Machine ​Learning for Modeling Complex Materials

Speaker: Serveh Kamravah, University of Wyoming

Abstract
In recent years, machine learning (ML) approaches have made it possible to extract and explore intricate patterns from big data. One of the fields that can benefit from the computational advantages that ML offers is materials characterization where we have complex heterogeneous morphology. The morphology of complex systems is one of the determinant elements that control a variety of their properties, such as flow, transport, mechanical and thermal behaviors. Such properties are often estimated using experimental and computational methods, which can be very costly and time-demanding. As such, faster and more automatic methods are required. Machine learning provides an alternative solution to this problem. In my presentation, I will talk about a deep learning model (DL) that can take the 3D morphology of complex materials and estimate their transport properties.
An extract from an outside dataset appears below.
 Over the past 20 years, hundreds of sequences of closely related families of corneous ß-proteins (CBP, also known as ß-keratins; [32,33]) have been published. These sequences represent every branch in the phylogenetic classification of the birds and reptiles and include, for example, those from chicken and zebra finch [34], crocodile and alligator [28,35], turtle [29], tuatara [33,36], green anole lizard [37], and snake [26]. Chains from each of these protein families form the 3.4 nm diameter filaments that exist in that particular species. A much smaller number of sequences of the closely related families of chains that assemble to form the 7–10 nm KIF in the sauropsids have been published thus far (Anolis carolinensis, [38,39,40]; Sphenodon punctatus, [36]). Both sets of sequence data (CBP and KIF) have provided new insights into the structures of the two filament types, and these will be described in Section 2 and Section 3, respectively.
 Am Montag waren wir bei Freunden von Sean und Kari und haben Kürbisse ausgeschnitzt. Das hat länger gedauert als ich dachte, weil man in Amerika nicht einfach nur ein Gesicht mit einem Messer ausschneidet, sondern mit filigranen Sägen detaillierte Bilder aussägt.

Then, I will talk about applying DL for quantifying the accuracy of augmentation methods (used for constructing the large dataset) and identifying the method that can provide the best set of data by minimizing the discrepancy and expanding the variability. I will also discuss the application of deep learning for dynamic data when they change with time for a transport problem on a complex membrane system. I close this particular topic by describing how the governing equations can be used in DL for filling the gap in data and reducing the amount of training data.

Bio
Dr. Serveh Kamrava joined the Department of Chemical Engineering at the University of Wyoming as an Assistant Professor in August 2021. She earned her Ph.D. in Chemical Engineering from the University of Southern California in 2020 where her research was focused on Complex Porous Materials Modeling using Machine Learning. She is a member of the Society of Women Engineers (SWE), the American Institute of Chemical Engineers (AIChE), and the American Physical Society (APS). Her research has been published in journals such as Neural Networks, Journal of Membrane Science, Physical Review E, Advances in Water Resources, Transport in Porous Media, and Nature Computational Materials.